La segunda idea que quisiera transmitir aquí es que en años recientes dos grandes áreas de la investigación científica han hecho suyo el tema de la felicidad: la economía y la psicología. Yo no soy ni economista ni psicólogo, sino sólo, al igual que mis colegas en esta mesa, simplemente filósofo, pero lo que llevo leído de esas literaturas me invita a pensar que tampoco los economistas y psicólogos, a pesar de los enormes méritos de las investigaciones respectivas, aciertan bien a bien, o al menos no aciertan todavía. Este es la segunda idea, y les pediría que me dieran un poco de tiempo antes de volver a ella.

Todo lo anterior parece indicar que yo me remito a una tercera autoridad, que no es ni la de la filosofía ni la de la ciencia, las cuales por lo visto no admito en realidad como autoridades, para poder hablar de la felicidad. Así es, en efecto: y esta tercera autoridad a la que me remito es la autoridad del sentido común. Pero antes de remitirme expresamente a ella, quisiera remitirme a otra autoridad, una cuarta pues: la autoridad de la experiencia. Y es que, si alguien en otras épocas de mi vida me hubiese invitado a hablar en público, o incluso en privado, de la felicidad, estoy casi seguro de que habría rehusado hacerlo por la sencilla razón de que en esas otras épocas no era yo feliz. Y aquí estoy diciendo algo muy importante: no hagan caso de nada que les diga nadie acerca de la felicidad si no admite antes que es feliz o al menos que alguna vez lo ha sido. Esta es acaso la tesis más fundamental que quisiera proponer aquí: de nada debe hablar nadie, o si habla nadie debe hacerle caso, si no tiene conocimiento de causa, vale decir si no tiene la experiencia de la cosa de que habla. Vengo pues a hablarles aquí de la felicidad no desde la perspectiva de un filósofo a secas sino desde la perspectiva de una persona feliz, o si se empeñan ustedes, ya que se trata de un banquete de filosofía, desde la perspectiva de un filósofo feliz. Porque o mucho me engaño o muchos filósofos no son felices, y entonces el que sean filósofos no garantiza que haya que hacerles caso.
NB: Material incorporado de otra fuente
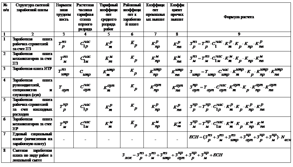 Для расчета размера сметной заработной платы рабочих в составе прямых затрат по виду работ предлагается использовать следующую формулу:
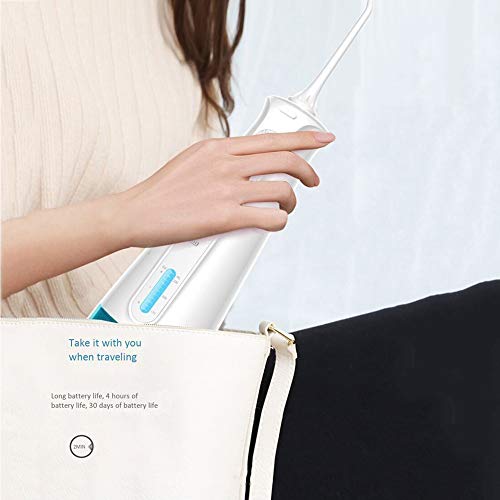 [Lunga Durata della batteria e Design portatile] nostro irrigatore orale ricaricabile con una potente batteria al litio è in grado di essere usato continuamente per 30 giorni una volta completamente carica. L'interfaccia USB disegno di carico è applicabile ad una varietà di equipements ricarica con un sacchetto di immagazzinaggio, perfetta per viaggiare.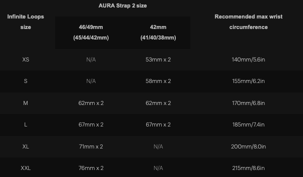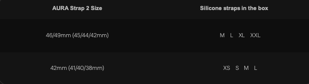 AURA Strap 2 comes in two sizes, 42mm (38/40/41mm) and 46/49mm (45/44/42mm).

Siendo feliz yo mismo que les hablo aquí y ahora de felicidad, ¿en qué digo que consista la felicidad? Dicho de la manera más sencilla que puedo: en tener una vida familiar ordenada y armónica. Así de simple. Creo, con otras palabras, que a ese animalito que es el ser humano, tal y como es, aquello que en el fondo lo hace feliz no es otra cosa ni puede ser otra cosa que el tejido de relaciones cercanas y cálidas que constituye la familia. ¿Significa eso que toda persona que tiene una familia y vive en familia es feliz? Por supuesto que no: decir algo así sería decir algo tan patentemente falso que habría que reír a carcajadas. Hay familias felices y familias infelices; y como decía Leo Tolstoy al principio de su Anna Karenina, todas las familias felices son iguales, mientras que cada familia infeliz es infeliz a su propia y distintiva manera. Lo que estoy diciendo es más bien que, si una persona es feliz, lo es porque lleva una vida familiar con ciertas características, que son por cierto siempre las mismas, como dice Tolstoy.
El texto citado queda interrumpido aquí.